Yes. Okay. And based on the current sales funnel, I mean, you had very strong growth in methanol area this year. Would you say, okay, kind of stable going into 2021 or do you expect kind of remarkable growth next year again?
Well, I think what we see is that the growth funnel here of maybe the first 9 months, if you, let's say, adjusted by this change in segmentation with -- between 60% and 70% is a good growth rate that, I'd say, is what we need to see also for the upcoming years, so what we expect to see there.
Okay. Based on clean energy in total, including everything broadly.
Yes, it's not the 116% of the first quarter, and I think also the change in segmentation needs to be taken into account to really see the underlying business, no?
Yes. Sure. That was EUR 2 million in sales -- about EUR 2 million?
Significant growth, no?
Yes. The classification was EUR 2 billion -- about EUR 2 million in 9 months?
No, it was EUR 1.319 million.
EUR 1.3 million. Okay. Got that one. And then finally, on the Toyota Corporation, I think this is, yes, pretty important. It shows how the look-forward looks like. And so can you elaborate a bit more about what do you see or higher [ targets ] in respect for other regions, other markets in that area? And how -- and if there's some numbers you can share from a 3- to 5-year time perspective, what's the potential you see in these markets? And in this specific case, is Toyota already committing to the numbers? And yes.
Well, I think I'm afraid I need to stay more on the qualitative part of it as we naturally have some nondisclosure agreements in place. But overall, we have been working here together for 5 years with our partners in a very trustful way. From, let's say, testing our products in the harshest way you can imagine. I think, finally, they came to the conclusion that this is, let's say, the most reliable product that they could find on a worldwide basis. They are now particularly happy with us expanding our offering here to hydrogen products and in perspective are up to, let's say, the space between 10 and 100 kilowatts, as the original collaboration now covers the area up to 10 kilowatts.Japan now is really a solid ongoing business. They have demonstrated to be able to make use of our products to fulfill their own corporate target. Well, and now it's the natural thing. We have started some projects outside of Japan, already testing some products, and there are regions in Southeast Asia, where naturally, Toyota Tsusho is a $60 billion conglomerate. They are present in every single country. So using such an infrastructure and such a market access for us is significant. It's -- well, without, let's say, having any published numbers here, I think to make sure this is significant to an organization of this size, long term, I think we should not stay, I'd say, below maybe a number of EUR 50 million of revenue together with this party. Otherwise, I think this organization will not take notice of this.

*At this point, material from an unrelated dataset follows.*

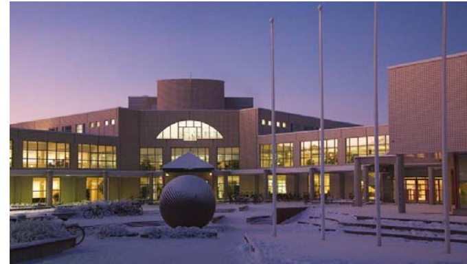
Oulu University, Finland

No. I mean that's the number you would expect given the size. Okay. Sounds very good.
There are no further questions at this time. So I would like to hand back to you, Peter.
Well, thank you, everybody, on the call. As usual, we are happy to follow up in individual conversations here, Daniel, myself or Susan. Don't hesitate to reach out to us.With this, I would like to wish you all a fantastic day. And well, stay cautious and stay healthy. Thank you very much. Goodbye.
Ladies and gentlemen, thank you for your attendance. This call has been concluded. You may disconnect.